[Data section]

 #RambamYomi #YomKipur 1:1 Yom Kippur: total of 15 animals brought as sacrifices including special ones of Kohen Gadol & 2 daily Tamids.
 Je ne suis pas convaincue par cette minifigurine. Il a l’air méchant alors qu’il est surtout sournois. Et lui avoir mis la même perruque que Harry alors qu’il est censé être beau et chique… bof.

[/Data section]
[Data section]

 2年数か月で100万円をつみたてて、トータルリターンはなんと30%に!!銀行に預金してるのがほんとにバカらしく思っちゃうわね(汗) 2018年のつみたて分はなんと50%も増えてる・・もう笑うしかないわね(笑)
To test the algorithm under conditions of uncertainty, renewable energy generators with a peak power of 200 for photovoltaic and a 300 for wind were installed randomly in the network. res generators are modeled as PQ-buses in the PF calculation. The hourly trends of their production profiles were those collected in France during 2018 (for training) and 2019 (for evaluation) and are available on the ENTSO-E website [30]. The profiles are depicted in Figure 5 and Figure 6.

[/Data section]

Above this instruction are the records; retype exactly the lines from the one containing "2年数か月で100万円をつみ" up to and including the one containing "To test the".

> **Solved exercise**:
 2年数か月で100万円をつみたてて、トータルリターンはなんと30%に!!銀行に預金してるのがほんとにバカらしく思っちゃうわね(汗) 2018年のつみたて分はなんと50%も増えてる・・もう笑うしかないわね(笑)
To test the algorithm under conditions of uncertainty, renewable energy generators with a peak power of 200 for photovoltaic and a 300 for wind were installed randomly in the network. res generators are modeled as PQ-buses in the PF calculation. The hourly trends of their production profiles were those collected in France during 2018 (for training) and 2019 (for evaluation) and are available on the ENTSO-E website [30]. The profiles are depicted in Figure 5 and Figure 6.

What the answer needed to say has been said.